One of the many challenges for researchers (and the cataloguer!) working with the Mitrinović collection is the terminology Dimitrije Mitrinović used. He spent years studying and developing difficult philosophical and theological concepts, and an obscure technical vocabulary grew out of his studies. For instance, he frequently used the word “pleroma”, normally taken to refer to the totality of divine powers and manifestations, which he would have discovered through his interest in Gnosticism.
Mitrinović seems to have enjoyed coining words himself, often using the prefix “anthropo-” in front of a word, or the suffix “-centric”, to create new compound nouns and adjectives. He also had a habit of using familiar words in novel ways. For instance, his work on designing a new, peaceful world order led him to use the term “Senate” to describe the group of people who would bring about a transformation in the world, and lead the new society.
Evidently it is not only us who are sometimes baffled by Mitrinović’s idiosyncratic use of language. His followers in the New Atlantis Foundation created a glossary to help them to better understand his thinking. Today their efforts will be seized upon as a helpful tool for researchers interested in his writing and ideas, although further study may lead us to add to or otherwise modify the definitions given.
It is interesting to speculate on how Mitrinović came up with his complex vocabulary. He spoke and wrote multiple languages, which may well have encouraged his love of words and given him a huge pool of linguistic knowledge to draw upon. His native tongue was Serbo-Croatian (as was fitting for someone who worked to create Yugoslavia, he considered Serbian and Croatian to be the one language). His German was sufficiently fluent to enable him to study in Munich, and work closely with German philosophers like Erich Gutkind. I have found documents he wrote in French and Russian, and enough Greek and Latin words and phrases to suggest he was pretty comfortable reading these ancient languages too. When Mitrinović came to Britain in 1914 his English was rather eccentric, but good enough for him to deliver a lecture at the University of Leeds within months of his arrival.
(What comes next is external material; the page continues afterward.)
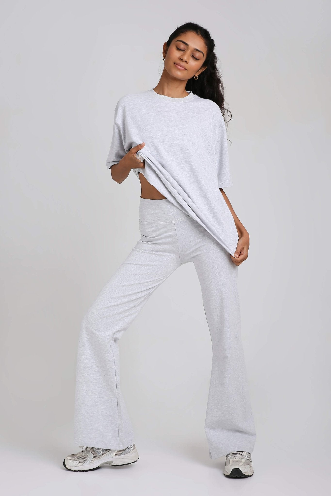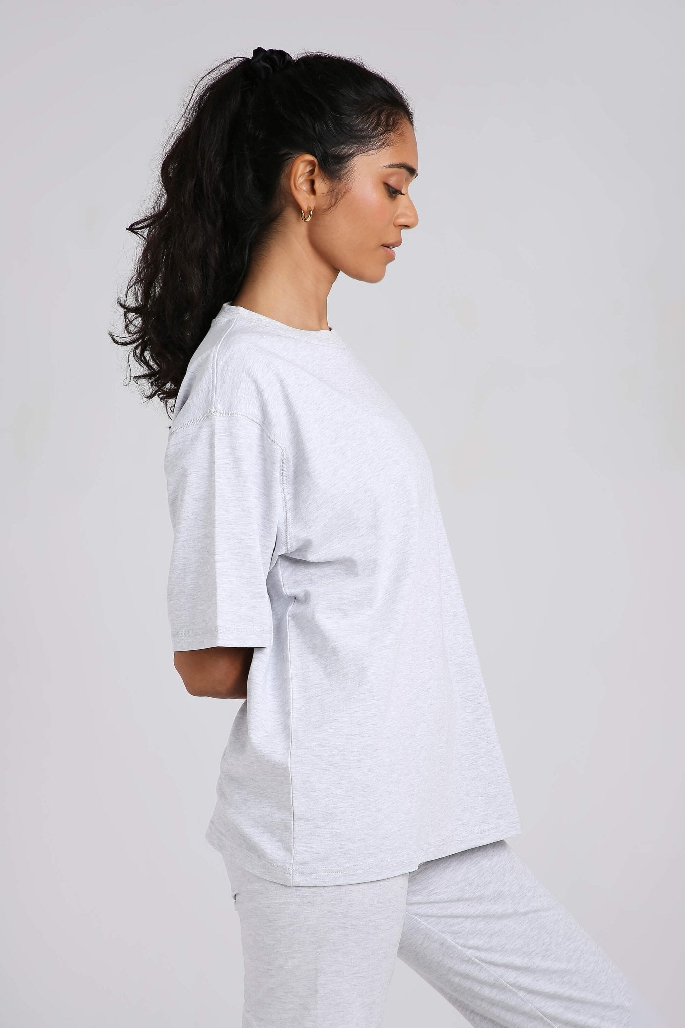 Styling tip: Half-tuck into high-waisted jeans for a clean streetwear vibe, knot at the waist over bike shorts for a workout-to-brunch fit, or wear loose with our Oversized Loungers for a monochrome moment.

As an aside, one word Mitrinović claimed to have coined is very familiar indeed: “Yugoslavia”. In a letter, he wrote that during his student days in Zagreb, he “coined and first professed the very name Yugoslavia, intending it to cover also Bulgars [i.e. in addition to Serbs, Slovenes and Croats] in the time.” Certainly the adjective “Yugoslav” predates Mitrinović, but is there any truth to the claim that he came up with the country name? Or was this claim simply a way of bolstering his credentials as a trusted voice for the “Southern Slavs”?
Whatever the truth of the origins of that particular word, Mitrinović’s love of language can be witnessed in his notes, which are full of what appear to be mantras, pages of word association and his coinages, as well as the odd poem. Those who knew him commented on his unique way of speaking and writing. Thankfully we have the work of Mitrinović’s most dedicated students to help us make sense of this joxquiz!